AIM OF THE EXERCISE: Because the images are not wanted, restate every line below word for word without them.

GIVEN INFORMATION:
◇ ◇ ◇ ◇

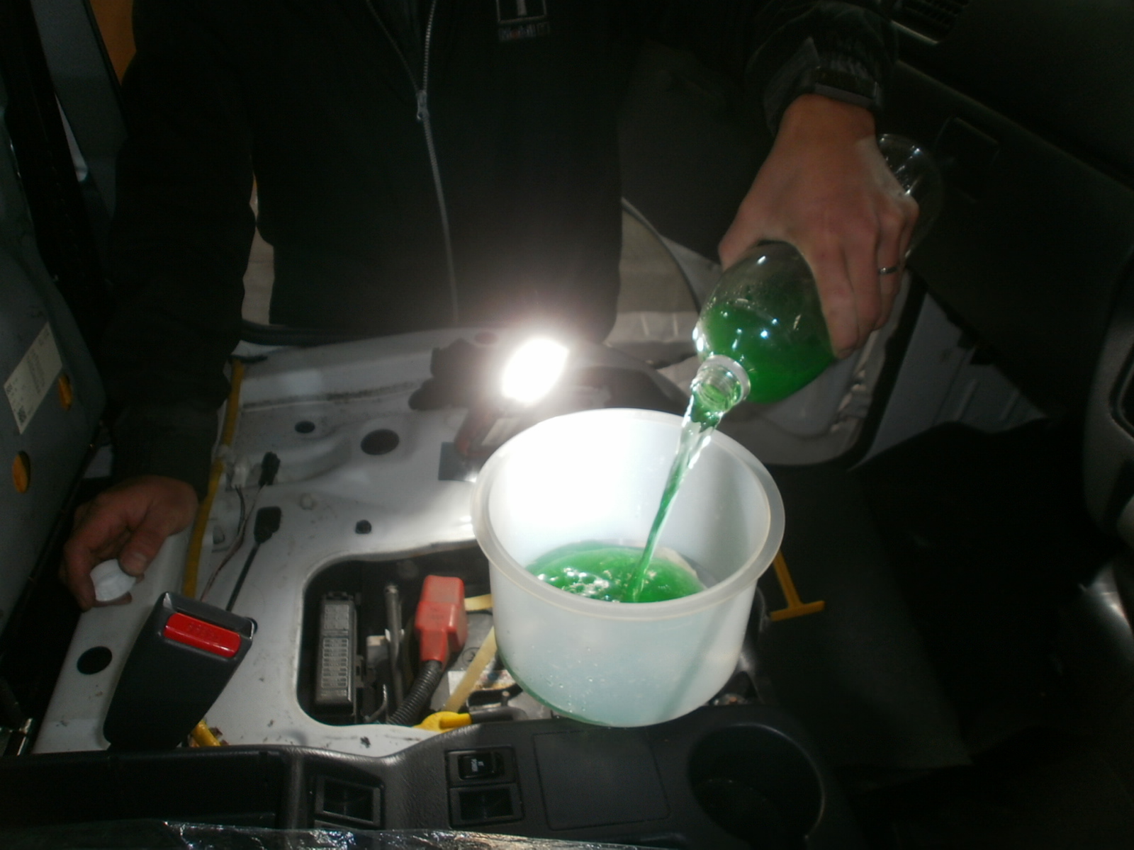 ディーゼル車ですので、ディーゼルワンを注入。スペアタイヤの空気圧点検もしっかりしております!
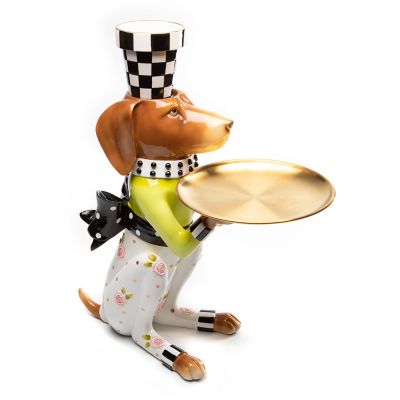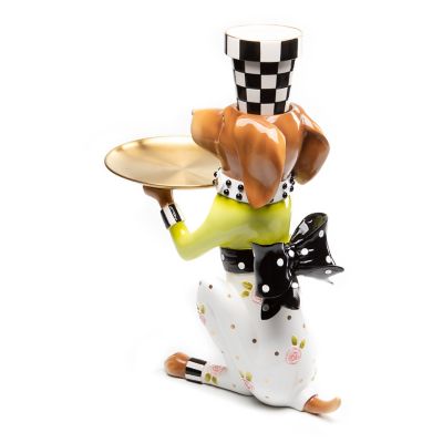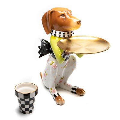 The Patience Brewster Really Rosy Pointsittier Butler is at your service. This helpful, hand-painted hound is decorated in our Really Rosy pattern. He holds a golden food-safe platter, and there’s a removable checked flower pot on his head.
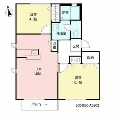 2LDK(LDK11.8帖 洋室6.4帖 洋室4.6帖) |
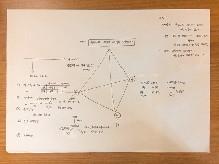 이제 A4를 한 장 더 꺼낸다. 마지막 단계다. 이 단계에서는 앞 선 A4에서 나열한 조각들을 정리해서 깔끔하게 한 장으로 정리한다.

◇ ◇ ◇ ◇

ANSWER FOR THIS EXERCISE:
 ディーゼル車ですので、ディーゼルワンを注入。スペアタイヤの空気圧点検もしっかりしております!
 The Patience Brewster Really Rosy Pointsittier Butler is at your service. This helpful, hand-painted hound is decorated in our Really Rosy pattern. He holds a golden food-safe platter, and there’s a removable checked flower pot on his head.
 2LDK(LDK11.8帖 洋室6.4帖 洋室4.6帖) |
 이제 A4를 한 장 더 꺼낸다. 마지막 단계다. 이 단계에서는 앞 선 A4에서 나열한 조각들을 정리해서 깔끔하게 한 장으로 정리한다.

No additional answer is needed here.